Me: Gen Xer. Moved to Socal from Michigan 3 years ago and haven't played D&D since. Used to play 3.5 with a really good, laid-back fun group of friends (all of whom met through our group). In my job here and with a 2-year old, though, I just cannot make it to a weekly game, and probably would run into some problems with every other week.

I want to join or start a D&D gaming group with other busy people who want to get their D&D fix but can't commit to anything too regular. I am thinking of a group that would meet for one or two longer sessions up front, then maybe play in person once a month, filling in the pieces with some play-by-post and maybe an occasional online session. I am open to other ideas.

I have never played 4ed but would like to give it a try. However, 3.5 is old hat and would be welcome too. I live in Costa Mesa and could maybe host some of the games at my place. But for only playing in-person once a month, a bit of a drive wouldn't be a problem.

This is a concept in progress so please throw in some ideas if you are interested, or might be interested. Ideally, I would like to start playing some time over the holidays because I will have some leave to use and can be flexible in arranging the first couple of game sessions.


----------



## Aeric (Oct 31, 2009)

Do you DM?  If so, I may have just what you're looking for.

My group disbanded when we ran out of people willing to run games; two of them (husband and wife) live in Costa Mesa, and they would usually host, so the rest of us are used to the commute.  There were/are five of us; two are veteran gamers and three are fairly new (started gaming with 4E).  I know of at least one other person who is hungry to game again, too, and she is a vet.  Ages range from mid 20s to mid 30s, and we all have similarly busy lives, so the schedule wouldn't be an issue.

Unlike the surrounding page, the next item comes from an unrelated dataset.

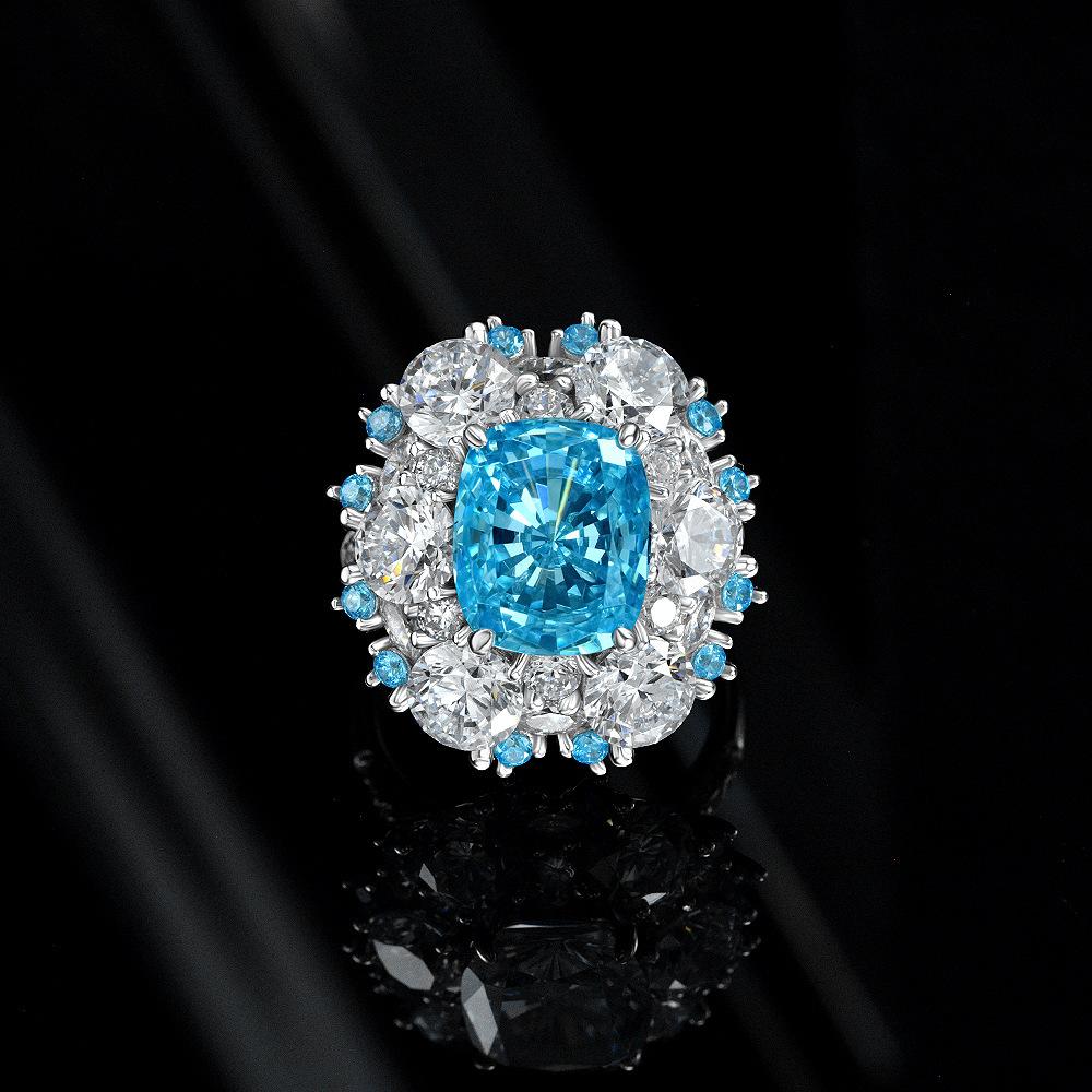 [BETXUE C81] BLUE ICE CUTTING S925 8A High carbon Ring

If you're up for running a game for a group of strangers, let me know and I'll run it by the others.


----------



## yestotom (Oct 31, 2009)

This sounds good! I sent you a private message with my e-mail contact info.


----------



## yestotom (Nov 11, 2009)

It looks like we now have a group of 4....enough to start a game soon. If anyone else wants to join in, just let me know.


----------



## Juantnsoup (Nov 12, 2009)

*AD&D 2nd Ed in Inland Empire*

If it interests any of you, I started a new 2nd Ed campaign in the Norco/Corona area (new Riverside). We started 11/7 and next meeting is for 11/21. We are playing the Greyhawk Post Wars Campaign starting in 585 CY
So far 3 of us, we are talking to a potential 2-3 other players, but nothing confirmed with them. Prefer experienced players but open to anyone that holds a real interest in playing a more classic Gary Gygax style of AD&D with many of the upgrades of 2nd Edition. 
We have an awesome 2nd Ed room with all the perks; tons of minis, just about all of the books, and some 3D settings. We will be playing many of the classic AD&D modules and I will be updating them to fit within the campaign setting


----------